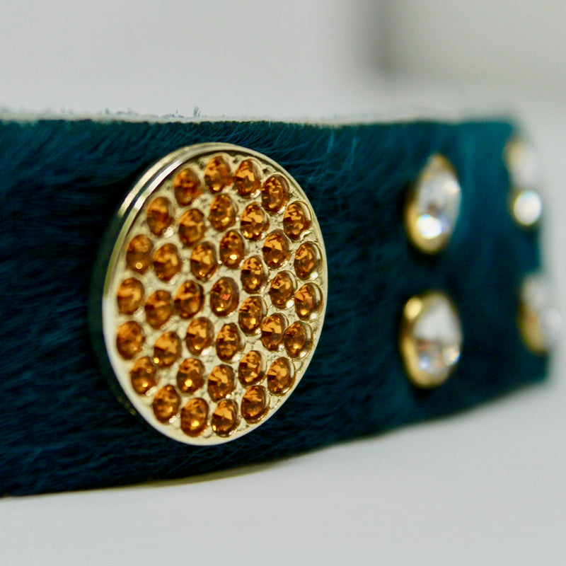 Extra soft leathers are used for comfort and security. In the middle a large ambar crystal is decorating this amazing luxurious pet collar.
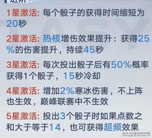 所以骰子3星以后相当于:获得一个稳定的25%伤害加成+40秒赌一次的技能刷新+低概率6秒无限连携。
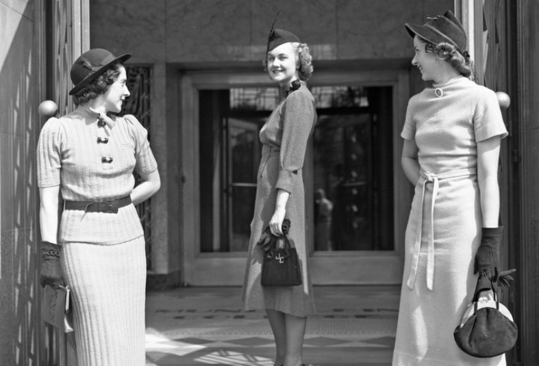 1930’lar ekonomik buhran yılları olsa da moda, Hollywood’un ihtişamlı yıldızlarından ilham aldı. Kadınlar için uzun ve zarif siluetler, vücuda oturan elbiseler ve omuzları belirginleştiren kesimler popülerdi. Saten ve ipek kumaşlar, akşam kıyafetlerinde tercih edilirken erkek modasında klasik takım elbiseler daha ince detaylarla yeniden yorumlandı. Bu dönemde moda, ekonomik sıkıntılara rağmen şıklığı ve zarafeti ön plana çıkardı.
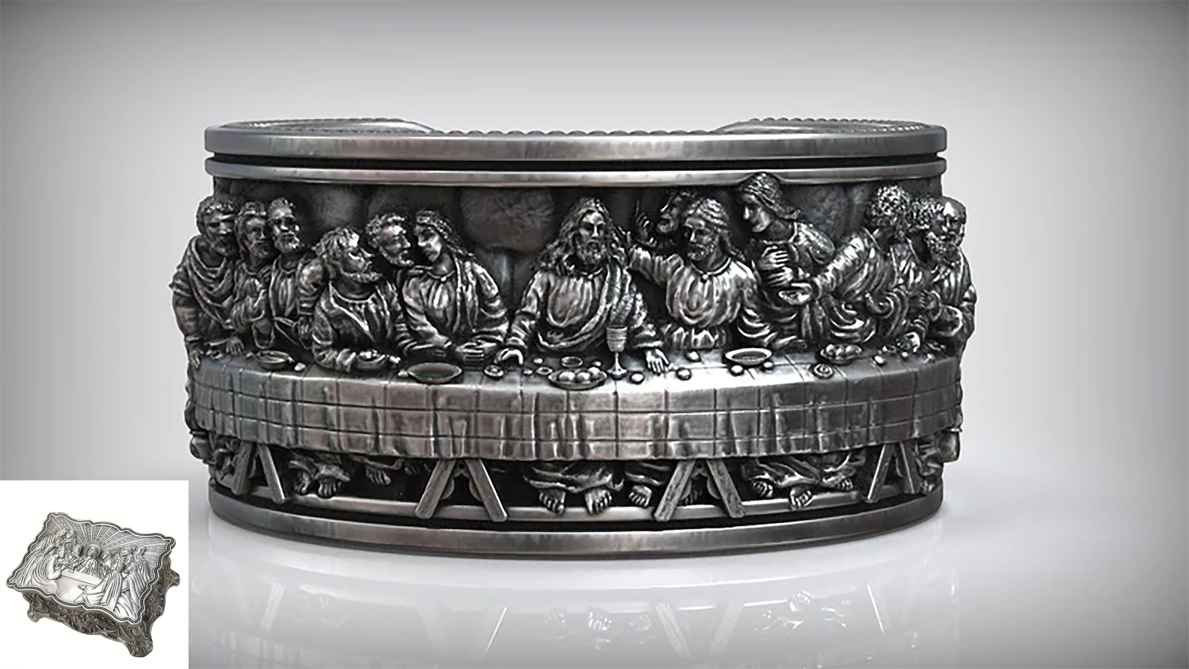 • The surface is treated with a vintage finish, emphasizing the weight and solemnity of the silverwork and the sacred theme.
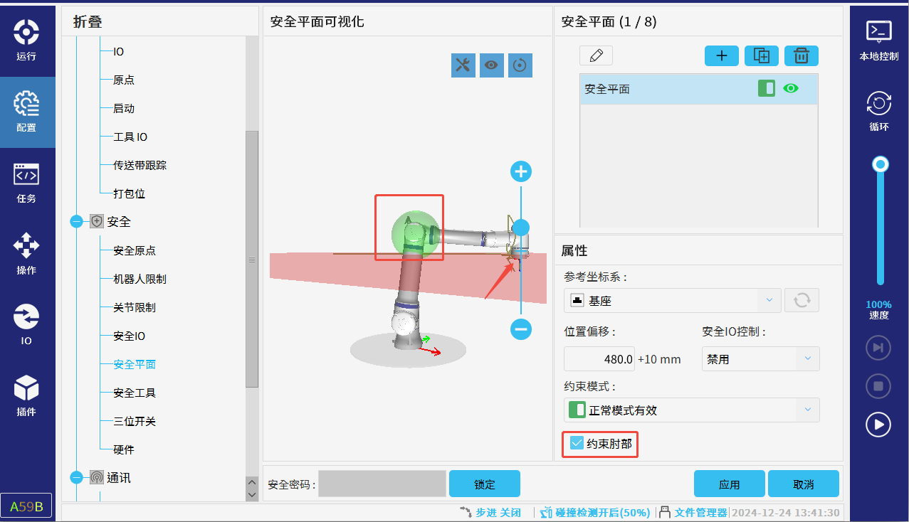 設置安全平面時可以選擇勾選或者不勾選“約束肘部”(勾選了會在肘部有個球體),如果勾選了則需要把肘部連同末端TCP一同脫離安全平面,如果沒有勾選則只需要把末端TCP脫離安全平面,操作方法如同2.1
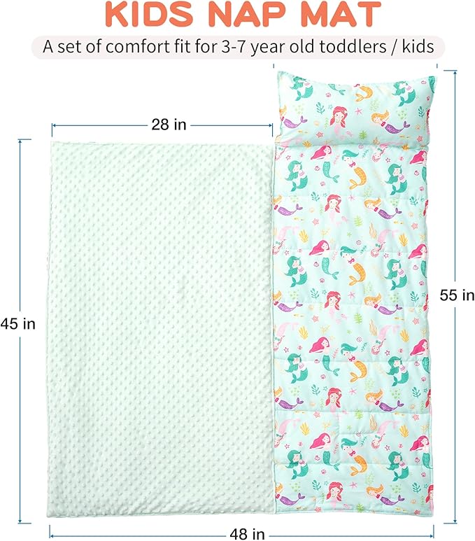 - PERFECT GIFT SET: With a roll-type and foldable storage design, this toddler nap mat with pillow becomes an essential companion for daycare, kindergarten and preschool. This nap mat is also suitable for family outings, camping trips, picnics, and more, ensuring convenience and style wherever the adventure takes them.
★ ★ ★ ★ ★
Leave out the pictures, and give all the records again exactly.

 Extra soft leathers are used for comfort and security. In the middle a large ambar crystal is decorating this amazing luxurious pet collar.
 所以骰子3星以后相当于:获得一个稳定的25%伤害加成+40秒赌一次的技能刷新+低概率6秒无限连携。
 1930’lar ekonomik buhran yılları olsa da moda, Hollywood’un ihtişamlı yıldızlarından ilham aldı. Kadınlar için uzun ve zarif siluetler, vücuda oturan elbiseler ve omuzları belirginleştiren kesimler popülerdi. Saten ve ipek kumaşlar, akşam kıyafetlerinde tercih edilirken erkek modasında klasik takım elbiseler daha ince detaylarla yeniden yorumlandı. Bu dönemde moda, ekonomik sıkıntılara rağmen şıklığı ve zarafeti ön plana çıkardı.
 • The surface is treated with a vintage finish, emphasizing the weight and solemnity of the silverwork and the sacred theme.
 設置安全平面時可以選擇勾選或者不勾選“約束肘部”(勾選了會在肘部有個球體),如果勾選了則需要把肘部連同末端TCP一同脫離安全平面,如果沒有勾選則只需要把末端TCP脫離安全平面,操作方法如同2.1
 - PERFECT GIFT SET: With a roll-type and foldable storage design, this toddler nap mat with pillow becomes an essential companion for daycare, kindergarten and preschool. This nap mat is also suitable for family outings, camping trips, picnics, and more, ensuring convenience and style wherever the adventure takes them.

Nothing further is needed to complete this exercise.